53k BAUD IS NOT 53K BITS. Read the links I provided and stop talking long enough to LEARN.
When you can download a binary package at over 53k sustained and timed, you are proving that the extra bandwidth is there.
Those newsgroup headers ain't analog, chum. They are a "package of data" and the data transfer rate of >20 kbps is SUSTAINED. it does it every time.
What is the title of this thread? Does it not ask "why do I get over 13.1kb/s download speed? Kb/s... that's KILOBITS. I explained WHY it happens, all you did was deny it was possible. Who's "starting the argument" here?
If we aren't measuring uncompressed data here, we are arguing over nothing.
Wrong. We are arguning because you refuse to learn and repeatedly demonstrate an ignorance to the technical issues raiesed by the OP WHILE insisting you know what you are talking about.
And if we are discussing "uncompressed data" then you are still dead wrong, because the channel never goes over 2400baud! (http://www.linuxports.com/howto/intro_to_networking/c4095.htm) The data is quadrature amplitude modulated into a 64 pont constellation so each baud sent over the channel represents up to 8 bits of data before any other compression!
zenwhen
October 8th, 2005, 09:39 AM
Once again, I edited the personal attack out of your post. :) Please don't make a habit of this.

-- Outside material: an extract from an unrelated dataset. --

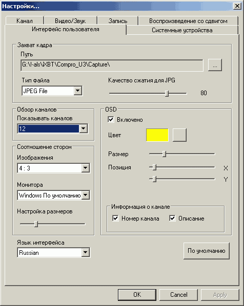 В разделе Интерфейс пользователя можно настроить размер, цвет и расположение экранного меню, выбрать формат захвата кадров (BMP и JPEG) и размер матрицы для режима предварительного многоканального просмотра. Опция Настройка размеров отвечает за масштабирование изображения при просмотре. Владельцам LCD-мониторов предоставляется возможность оценить настройку пропорций полноэкранного режима.

Not everything can be compressed, sir. Being able to make use of compression to wind up with more at your end of the pipe is nice, but that doesn't make the pipe any bigger. If you are downloading already compressed data, your limit is apparent. You aren't getting more than 5.6K. I have read your links. They aren't anything I am ignorant of. In fact, they are pretty much common knowledge. What the OP claimed is not sustainable with many more things than parts of ISO's, web pages, and newsgroup headers.
To end this up, let me quote your own link.
http://support.intel.com/support/faxmodem/sb/cs-011466.htm
Data compression allows modems to increase throughput without increasing the baud rate (transmission speed). With data compression, the sending modem compresses the data into a compact form. The receiving modem decompresses the data back to its original form. You save time and money because your information is transmitted much more quickly.
V.42bis is a data compression standard for high-speed modems. It compresses data by as much as 4:1 (depending on the type of file you send). Thus, a 9600 baud modem can transmit your data at up to 38,400bps (bits per second) using V.42bis. A 14.4K modem can transmit up to 57,600bps.
As I said earlier, not everything can be compressed. Your own link implies a limit on the speeds at which you can obtain uncompress-able data. Being able to get an "effectively" faster connection for surfing websites and grabbing news headers doesn't mean you can suck down more compressed data, which is the question here. Your limit there is your limit. Everything else is compression.
Since you cannot have this conversation in a civilized manner, it is going to be closed now. Feel free to discuss this with me in private or to post another thread when you have proof that you sustained 13K a second on a compressed binary.